And if you say "This data is..." it's wrong. Sorry, it's wrong. I don't care how most people use it; a lot of people are stupid. Others should know better.

But then, I'm an insufferable pedant. *shrug*

By Sven DiMilo (not verified) on 02 Oct 2007 #permalink

re copy editors:
A mediocre one is worse than none at all. I have had pitched battles with copy editors that just want to insert their preferred phrasing even if it doesn't read as well. Once I used the Latin phrase "per anum" (through the anus) in a paper, appropriately (don't ask), and an editor changed it to the nonsensical (in that context) "per annum," AFTER I had seen the proofs. That one really pissed me off; it made me look foolish in print because of somebody else's error.
So maybe copy editing only for articles that really need it?

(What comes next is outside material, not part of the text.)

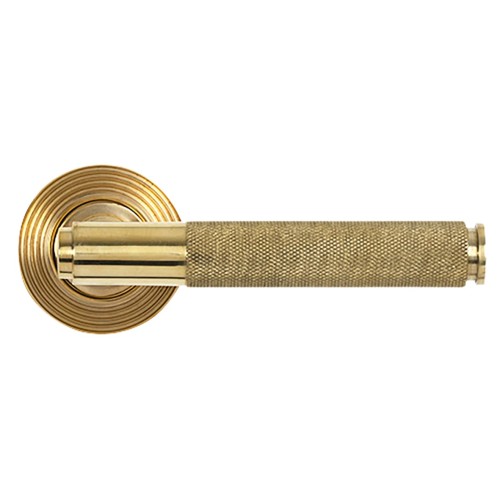 • From The Anvil Polished Brass Knurled Door Handles on Round Beehive Rose - Brompton Range

By Sven DiMilo (not verified) on 02 Oct 2007 #permalink

I'd just like to chime in here and suggest that using Google as a tool to sort of debates about proper usage is a great thing, b/c so many of them rest on the question of relative prevalence. Time and again, it seems to me that these debates over what is the a priori basis for deciding who's right, find that no one side can be shown without a shadow of a doubt to be correct. OTOH, an a posteriori appeal can give an unambiguous answer. After all, aren't these grammar rules all post hoc in any case?

http://www.google.com/search?hl=en&q=%22data+is%22&btnG=Google+Search

http://www.google.com/search?hl=en&q=%22data+are%22&btnG=Search

Sorry, people, but "data is" wins.

By boojieboy (not verified) on 02 Oct 2007 #permalink

Sven, regarding copy editors, I have to agree that "experts" who don't know the limits of their expertise are sometimes worse than useless. Considering that, you might want to listen to the people who are pointing out that the Latin word pairs you're citing in support of using data as the plural of datum don't really apply. Think goose/geese vs. moose/meese. English is a weird and wonderful language.

As a copy editor, my primary job is to see that the author's meaning is conveyed as clearly as possible. Frequently this is done by following the rules of grammar. Sometimes it means not letting the rules torture poor sentences to death. I'll happily let a preposition dangle if the only way to support it is to write something essentially backward.

By Stephanie Z (not verified) on 02 Oct 2007 #permalink

I didn't mean to impugn all copy editors; good ones are, well, good.

"Goose" (and "geese") is Indo-European via Old English; "Moose" is Algonquin, so that's a poor comparison. And the so-called "sportsmen's plural" for game species is an enirely different kettlle of fish. Hey, there's an example: "fish" for a bunch of individuals, "fishes" for a bunch of species.

The Latin word pairs I'm citing do apply, perfectly. The fact that a singular "data" is commonly used and even accepted is the result of laziness, pure and simple.

Sure, OK, language evolves; especially the gemisch of modern English with all its myriad borrowings. I accept that. But laziness and ignorance are poor reasons to permit such evolution. What if people started saying stuff like "This numbers is less than that one"...would that be OK with you just because people were using that way?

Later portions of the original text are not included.